Chapter 5 investigates the effect of movement members’ online social identity and structural position in the communication network on individual mobilization outcomes. By adopting a multi-method approach combining automatic text analysis, social network analysis, and multivariate regression analysis, we find that only some types of social identity have a significant effect in predicting the amount of collected donations. In terms of network positions, the results show that while occupying central positions in the Twitter communication network facilitate mobilization outcomes, people at the core of network communities collect less in donations than people at the periphery.

Chapter 6 concludes the empirical section of the dissertation by examining the last two micro-mobilization dynamics, namely framing and emotions, emerging from interactive and communicative processes during mobilization. In this single-author chapter, I use a multi-method approach combining automated text analysis, the use of a plagiarism detector, network visualizations, and regression analysis to study the extent to which movement members’ adoption of the movement’s dominant framing and the level of emotional involvement in members’ framing processes explain fundraising outcomes during online campaigns. I find that almost one-third of the discourse that movement members generated on Twitter during the campaign aligns with the Movember Foundation’s dominant framing. However, the more movement members use the movement’s language, slogans, and frames in their tweets, the less they collect in donations. By contrast, the use of emotional language in framing processes is positively associated with the amount collected in donations.

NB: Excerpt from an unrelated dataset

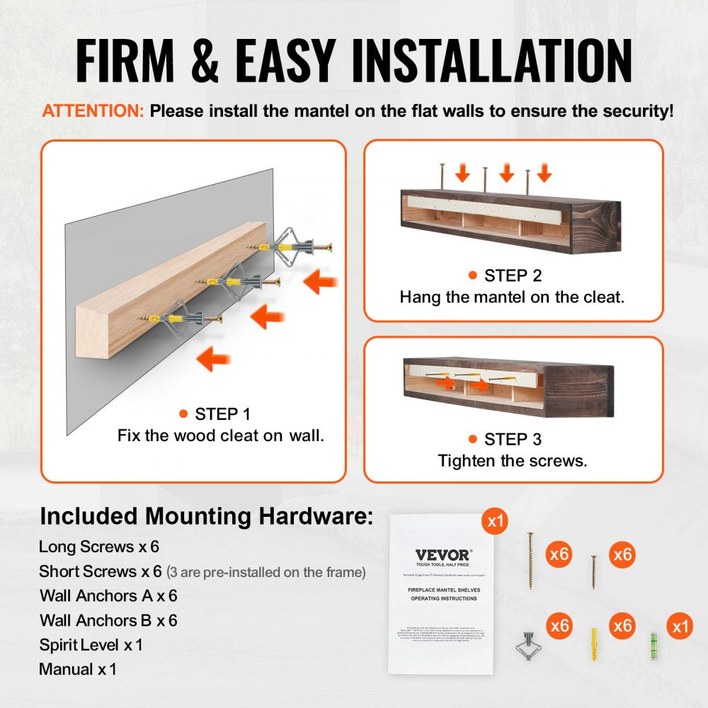Enhance your home decor with this stunning floating mantel shelf, crafted to infuse natural charm and a rustic touch into your space This shelf provides ample room for displaying your favorite decor pieces, making it a versatile and stylish centerpiece that creates a warm and inviting atmosphere Constructed from authentic white pine wood, it merges elegance with robust durability For easy installation, simply mount it on flat walls, and all necessary hardware is included to assist you with a hassle-free setup.

In summary, the collection of findings obtained in this dissertation shows that, by looking at the micro-mobilization dynamics of collective action, we can gain an important understanding of the mechanisms at work during online social movement campaigns and of the effectiveness of such campaigns in fostering communication processes related to the cause, obtaining important resources for the cause, developing a collective identity, and raising awareness. Owing to its multidisciplinary approach, this dissertation offers theoretical contributions at the intersection of several fields of studies on social movements, social networks, media and communication, nonprofit organizations, and public health. Methodologically, this dissertation offers innovative applications and tools for social science research using social media, new ideas on how to use and combine existing methods, techniques, and software to analyze large datasets, and direct access to scripts, codes, and tools developed to support data collection, preparation, and analysis. In practical terms, the body of work presented in this dissertation provides multiple organizations (e.g., social movements, health advocacy, nonprofit) with valuable insights into the effective organization of online campaigns via social media. In addition, results from this dissertation can support policymakers and practitioners in framing policies that improve public health via voluntary online fundraising; and individual activists in organizing collective action to produce effective social change in a society characterized by the pervasive influence of social media.